Coronavirus: Vaccine delay will hit population growth
More than 1.6 million NSW residents will have been vaccinated against COVID-19 by September next year, according to the state’s budget.
More than 1.6 million NSW residents will have been vaccinated against COVID-19 by September next year according to the state’s budget, which has warned any delay in vaccine rollout will cost the state billions and slash population growth even further.
A delayed vaccine would see a further 1 per cent decline in the state’s population compared with the latest forecast, which the state government has already revised down by 376,000 people to just under 8.4 million by 2024, in the wake of the pandemic-induced slump in net immigration.
“A vaccine for COVID-19 will start to roll out in NSW from around the middle of 2021, with 20 per cent of people vaccinated by the end of the September quarter,” the NSW budget papers, delayed from June because of the uncertainty around the pandemic, say.
The state government has assumed international borders will reopen by the end of next year and state borders are completely open by Christmas.
NSW Treasurer Dominic Perrottet slammed other states’ border following concerns in the wake of a new cluster of coronavirus cases in South Australia.
“Let’s open up, let’s be the free people that we are and let’s get our nation moving,” he told reporters. “We can’t control the pandemic based on lines drawn on maps.”

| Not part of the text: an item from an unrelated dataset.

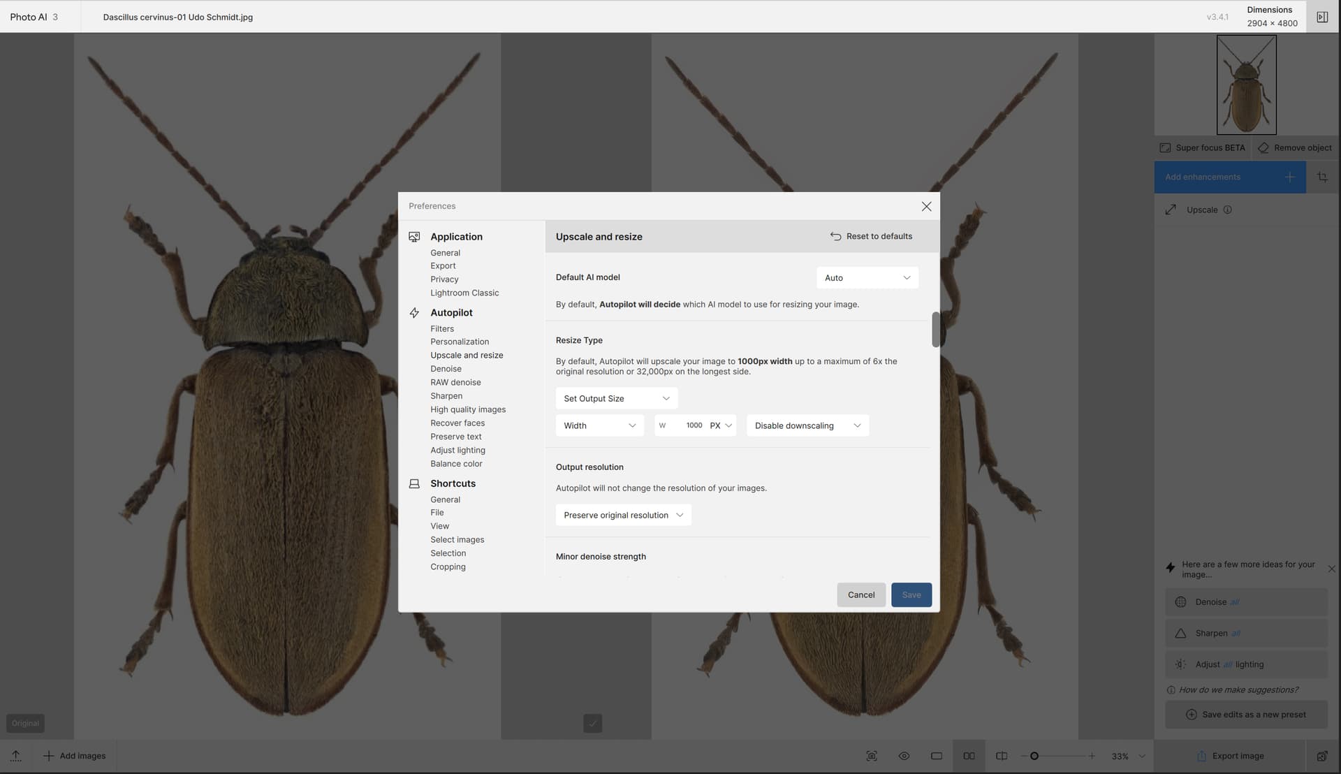 - However, in the Preferences I have told Autopilot to upscale to 1000px width. Why has the result image the size 2904x4800px?

NSW’s population growth has collapsed from 1.4 per cent annually before the crisis to a forecast of practically zero this financial year, the lowest in 100 years, ahead of a steady forecast rise back to 1.1 per cent by the end of 2024.
“A net outflow of migration is expected for the first time since 1946, with no catch-up in subsequent years, leaving the level of population permanently lower than expected prior to the pandemic,” the state Treasury said.
“A gradual return of international students and permanent migrants is assumed from the latter part of 2021,” the budget papers say, noting student commencements in the state fell 17 per cent in the first eight months of 2020 compared with the corresponding period last year.